ACTIVITY: Beneath this line is the data. Output exactly the lines from the line with "Have a slice" to the line with "4、鎖定第三個目標,點擊【子彈】按鈕完成射擊,達成【屋頂有三個人】的消滅目標。", both ends included, and nothing more.

DATA TO USE:

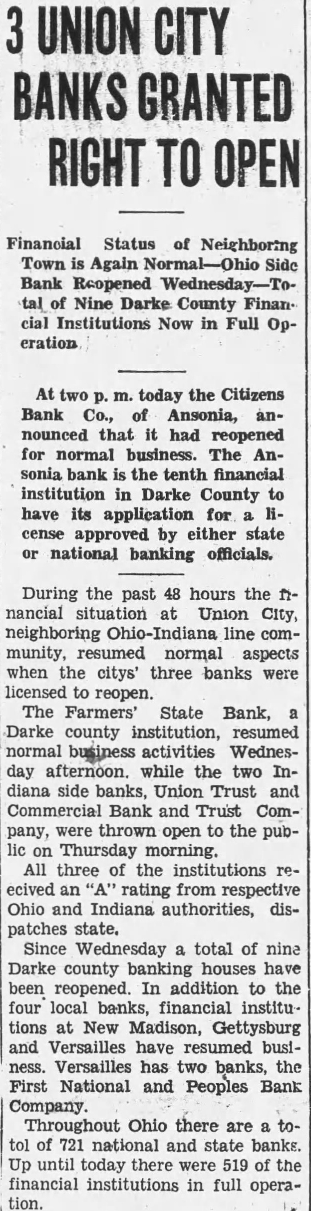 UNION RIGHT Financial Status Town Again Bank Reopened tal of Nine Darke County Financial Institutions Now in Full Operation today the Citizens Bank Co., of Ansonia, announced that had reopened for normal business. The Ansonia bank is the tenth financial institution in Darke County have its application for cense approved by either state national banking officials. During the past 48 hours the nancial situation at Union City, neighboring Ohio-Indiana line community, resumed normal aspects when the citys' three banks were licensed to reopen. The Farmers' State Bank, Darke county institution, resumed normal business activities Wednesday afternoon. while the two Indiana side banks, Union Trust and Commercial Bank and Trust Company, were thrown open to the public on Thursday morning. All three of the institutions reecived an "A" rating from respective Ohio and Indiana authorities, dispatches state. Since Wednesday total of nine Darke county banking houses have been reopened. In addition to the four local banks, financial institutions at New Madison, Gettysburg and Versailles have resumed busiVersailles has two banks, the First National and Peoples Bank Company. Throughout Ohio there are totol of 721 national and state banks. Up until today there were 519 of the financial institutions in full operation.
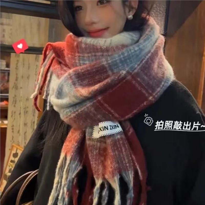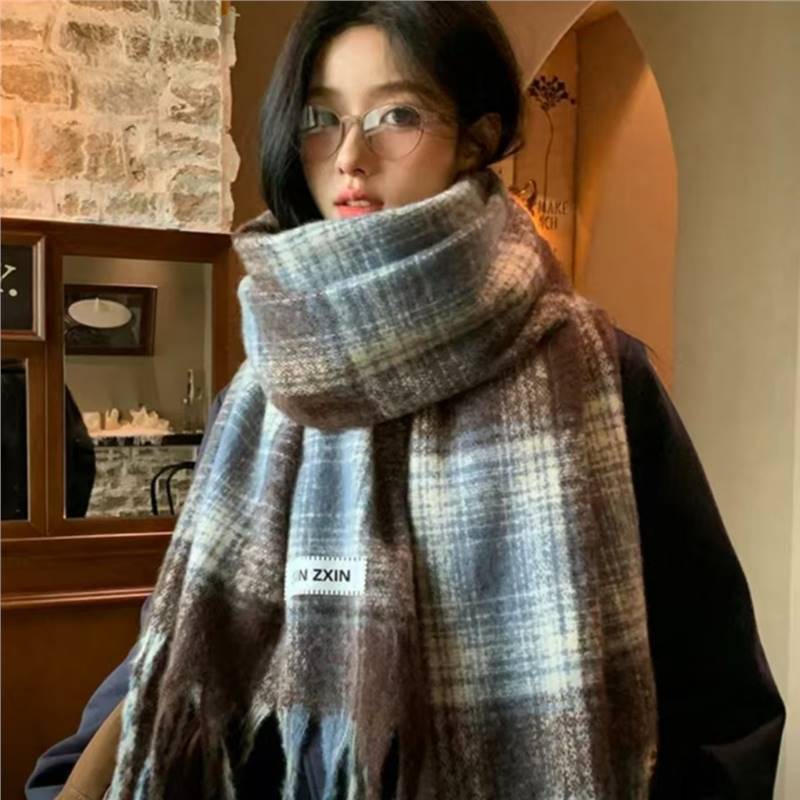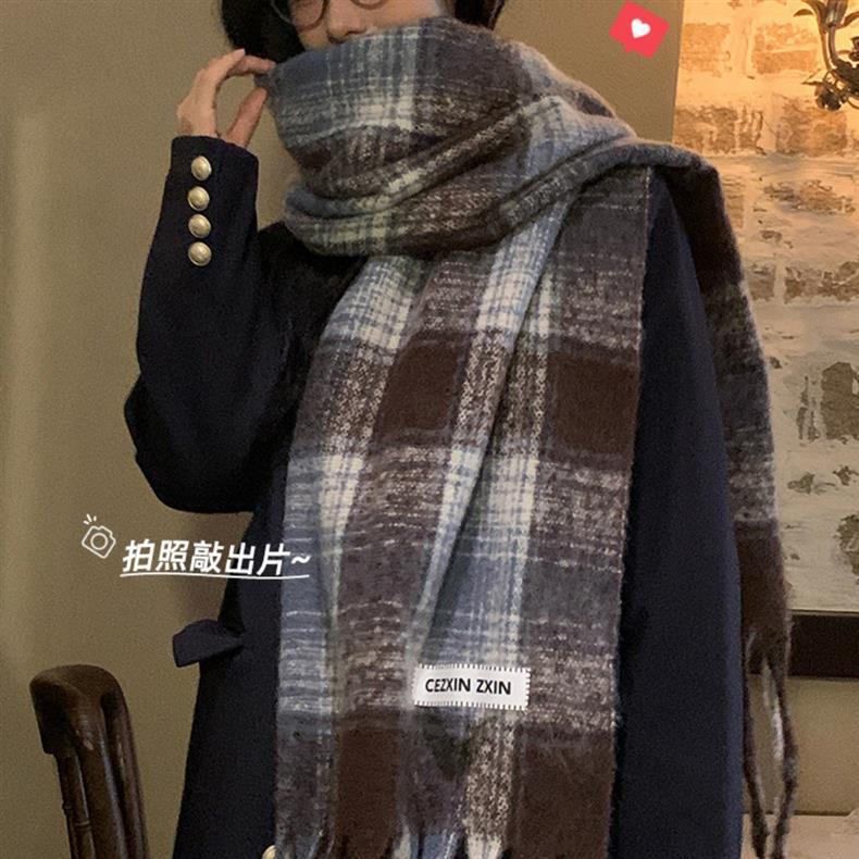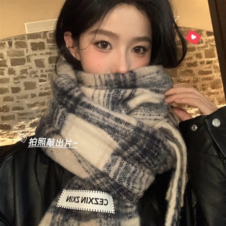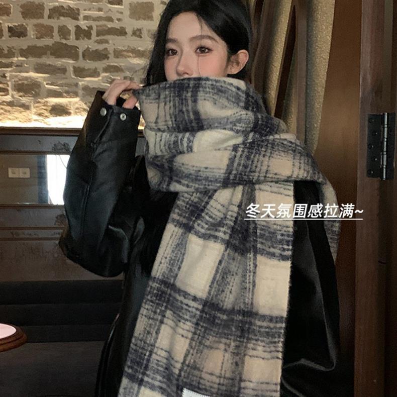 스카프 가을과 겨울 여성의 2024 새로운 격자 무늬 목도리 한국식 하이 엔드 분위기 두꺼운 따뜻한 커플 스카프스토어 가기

---

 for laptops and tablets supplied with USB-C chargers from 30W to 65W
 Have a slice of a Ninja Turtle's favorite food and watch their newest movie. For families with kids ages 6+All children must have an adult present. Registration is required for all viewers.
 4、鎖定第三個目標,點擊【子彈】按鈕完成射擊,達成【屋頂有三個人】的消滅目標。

==

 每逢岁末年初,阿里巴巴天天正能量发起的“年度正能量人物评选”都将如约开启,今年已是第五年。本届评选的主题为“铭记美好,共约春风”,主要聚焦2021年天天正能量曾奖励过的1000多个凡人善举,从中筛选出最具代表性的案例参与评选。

ANSWER SPACE:
 Have a slice of a Ninja Turtle's favorite food and watch their newest movie. For families with kids ages 6+All children must have an adult present. Registration is required for all viewers.
 4、鎖定第三個目標,點擊【子彈】按鈕完成射擊,達成【屋頂有三個人】的消滅目標。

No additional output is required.